Following yesterday’s swoop on suspects in “Operation Zeus”, the full implications of this latest intricate alleged State swindle are beginning to emerge.
It appears that as many as 46 people – many of them sergeants and ‘high ranking’ officials – have been fiddling food orders for Air Force base messes for years. Damages to the State could top €10 million.
The idea, explain reports, was to ‘supplement retirement pay’, ensuring a ‘golden pension’ to all those involved. Indeed, national tabloid Correio da Manhã claims the scheme was seen as a “just way” of supplementing what people expected to receive in retirement benefit.
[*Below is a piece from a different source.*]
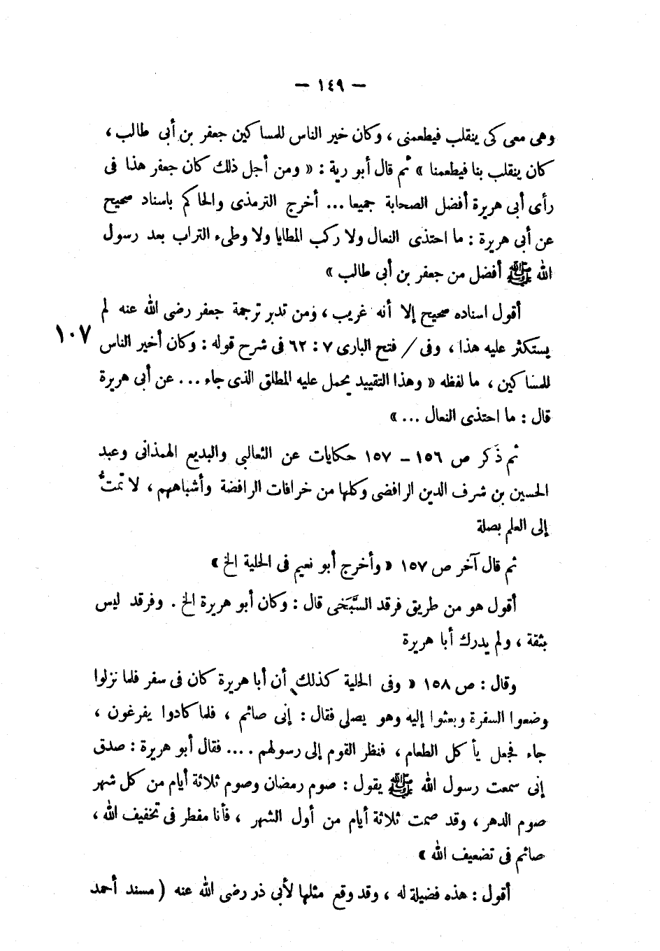 وقال: ص158 «وفي الحلية كذلك أن أبا هريرة كان في سفر فلما نزلوا وضعوا السفرة وبعثوا إليه وهو يصلي فقال: إني صائم، فلما كادوا يفرغون، جاء فجعل يأكل الطعام، فنظر القوم إلى رسولهم ... فقال أب هريرة: صدق إني سمعت رسول الله صلى الله عليه وسلم يقول: صوم رمضان وصوم ثلاثة أيام من كل شهر صوم الدهر، وقد صممت ثلاثة أيام من أول الشهر، فأنا مفطر في تخفيف الله، صائم في تضعيف الله»

CM adds that the military personnel now in the sights of anti-corruption investigators “had a pact, not to show any outwards signs of wealth that might alert the authorities”.
As explained yesterday, suspicions are that Air Force personnel claimed for as much as three times the food orders that they actually placed.
Excess funds were then shared out between everyone involved, including suppliers (click here).
On the basis that last year’s Air Force food budget was €7.8 million, CM calculates that the money ‘fiddled’ for 2015 will have come to around €2.6 million.
But what’s at stake now is to discover how far this alleged con goes back.
For the time being, two captains, one major and three sergeants are behind bars, pending further developments, while another 40 people – military and civilian – have been made ‘arguidos’ (official suspects).
As a source told Diário de Notícias, the difficulty in proving this fraud has been in finding the money-trail – bearing in mind that back-handers would have been in cash, and not banked by those who received them.
Yesterday’s house and other searches by hundreds of officers of the PJ, military PJ and Public Ministry, revealed “elevated quantities of money” which will have confirmed investigators’ theories.
According to CM at least 15 food supply companies are believed to be involved, and the bases particularly ‘under suspicion’ are those around Lisbon – Monsanto, Figo Maduro, Lumiar, Alcochete, Pero Pinheiro, Montijo, Alfragide – as well as one in Beja and another in Monte Real.
The paper adds that a number of those held “pending interrogation” risk remaining behind bars as the investigation unfolds. They could be deemed to constitute “flight risks”, due to the money they are believed to have at their disposal but which has yet to be recovered.